L’auteur Carlier (2012, p. 77) a une vision plus protectionniste de l’information, considérant l’intelligence économique comme étant « la capacité de maîtrise et de protection des informations stratégiques des entités économiques. Elle prend en charge, avec la direction, les

57 aspects stratégiques du développement de l'entreprise. C'est une démarche proactive qui a comme objectifs la pérennité de l'organisation (personnes, activités, direction, actionnaires) ».

1.1.1.4. L’intelligence économique 2.0

En dépit des nuances et des différences, l’information est la matière première de l’intelligence économique et de la veille. Selon Moinet et Darantière (2007, p. 97), l’information est « une réalité immatérielle qui est à la fois : un objet mesurable (un renseignement communiqué ou obtenu); un stock quantifiable (une accumulation de connaissances acquises sur un sujet) ; une énergie, un flux (un processus tendu vers la décision) ». L’information est insérée dans cette dynamique d’IE qui inclue différents acteurs, objectifs, outils et processus au sein des organisations. L’arrivée de l’internet et plus récemment du web 2.0 ont eu des conséquences non seulement sur l’accès, mais sur la production et partage de l’information.

Quoniam et Lucien (2009, p. 12) mettent en avant trois dimensions du web 2.0 : « son caractère collaboratif, (…) reposant sur les contributions des utilisateurs, (…) son caractère sémantique fondé sur l’interopérabilité entre les informations elles-mêmes grâce aux tags ou métadonnées qui permettent de marquer l’information et d’organiser des interactions techniques entre les applications, enfin sa dimension communautaire (qui) implique la constitution de réseaux d’utilisateurs ». Ils considèrent que ces dimensions du web 2.0 font effondrer la structure de l’intelligence économique telle qu’elle est définie, faisant évoluer les pratiques vers l’intelligence collective. Les blogs, les wikis, les tags, les pratiques de socialbookmarking et de crowdsourcing, les réseaux sociaux numériques, sont certains des outils et pratiques issus du web 2.0. Selon Quoniam et Lucien (2009, p. 35), « le concept 2.0 évoque un changement de paradigme d’ordre anthropologique qui fait évoluer les pratiques professionnelles et notamment celles de la veille, du traitement, du partage et de la valorisation de l’information ».
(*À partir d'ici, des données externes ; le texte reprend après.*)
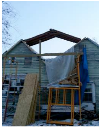
Peak of old roof is removed to return the roof line to its original style.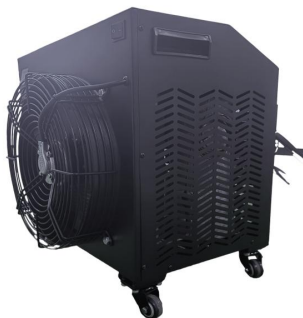
Touch Screen Model

L’intelligence économique est principalement étudiée par les sciences de gestion et par les sciences de l'information et de la communication. D’autres disciplines, comme les sciences économiques, politiques, juridiques, la psychologie sociale, la sociologie et la philosophie, ont aussi porté de l’intérêt à étudier l’intelligence économique. Moinet (2011) estime que l'IE cherche encore ses concepts fondamentaux et opératoires. Atteindre sa maturité « implique le passage de l'information dite stratégique à la connaissance, du “savoir pour agir” au “connaître est agir”. Une évolution qui demande de mieux comprendre et d'intégrer

58 pleinement l'aspect communicationnel (Wolton, 1997) d'une intelligence économique trop souvent limitée à la gestion de l'information (...) » (Moinet, 2011, p. 14).
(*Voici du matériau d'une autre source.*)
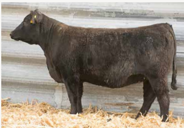
J&C Ms Spec Focus F520

Planned Mating - 16 • -2.3 • 67 • 101 • 9 • 29 • 62 • 33 • -0.08 • 0.49 • -0.01 • 0.49 • 149 • 80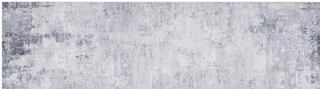
ILU - 156 - SILVER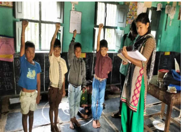
Conducted survey at Kallenahalli village

Libaert et Moinet (2013, p. 9) défendent l’idée que les sciences de l’information et de la communication (SIC) peuvent permettre une analyse de la dynamique d’intelligence économique sans « tomber dans le piège du réductionnisme ». Pour éviter le réductionnisme économique avec la « privatisation des savoirs », ou le réductionnisme informatique qui produit une « réduction à l’information seule », les auteurs estiment qu’il est nécessaire d’analyser cette dynamique « comme un fait social d’information et de communication » (Libaert et Moinet, 2013, p. 9). Nous veillons dans cette recherche à ce que l’analyse de la veille collaborative prenne en considération les aspects informationnels, mais surtout communicationnels de cette activité.
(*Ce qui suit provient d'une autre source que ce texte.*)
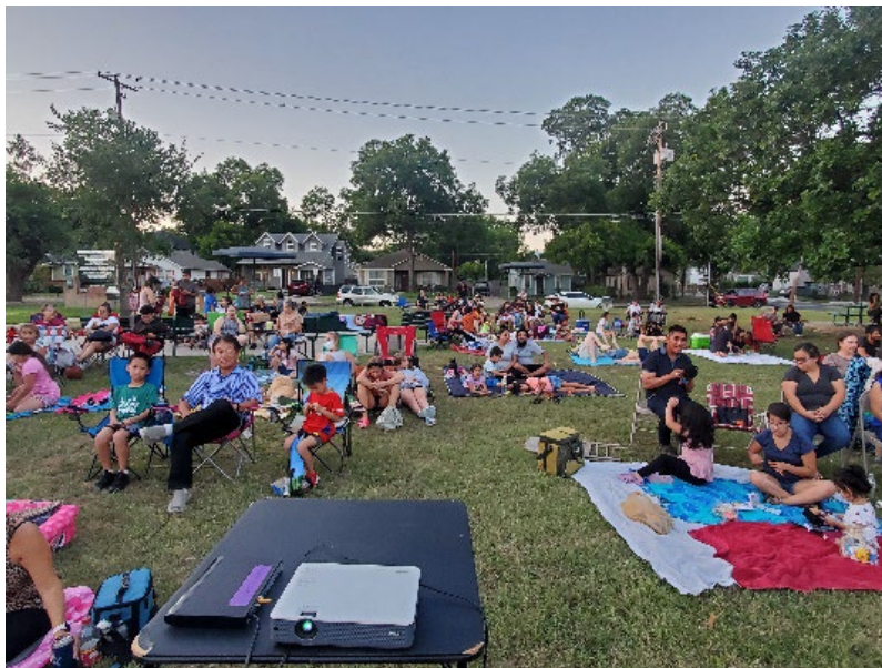
Mendez recreation center hosts its annual summer movie in the park series

Mendez Recreation Center: Mendez Recreation Center closed its summer Movie in the Park Series after six weeks of Friday night movies resented to the community. August 12, 2022 included Nickelodeon's Good Burger to cap off a summer series of movie watching under the summer sky. Special thanks to Sendero Healthcare for proving movie goers with food and snacks throughout the summer series event. Average attendance throughout the summer was 50. District 1

Après avoir explicité certains aspects historiques et culturels de la démarche d’intelligence économique dans le contexte français, nous présentons les définitions et caractéristiques de l’activité de veille telle qu’elle est réalisée dans les entreprises. La veille vient fournir une information cohérente avec les objectifs de la démarche d’intelligence économique, information qui participera au processus de compréhension contextuel et de prise de décision.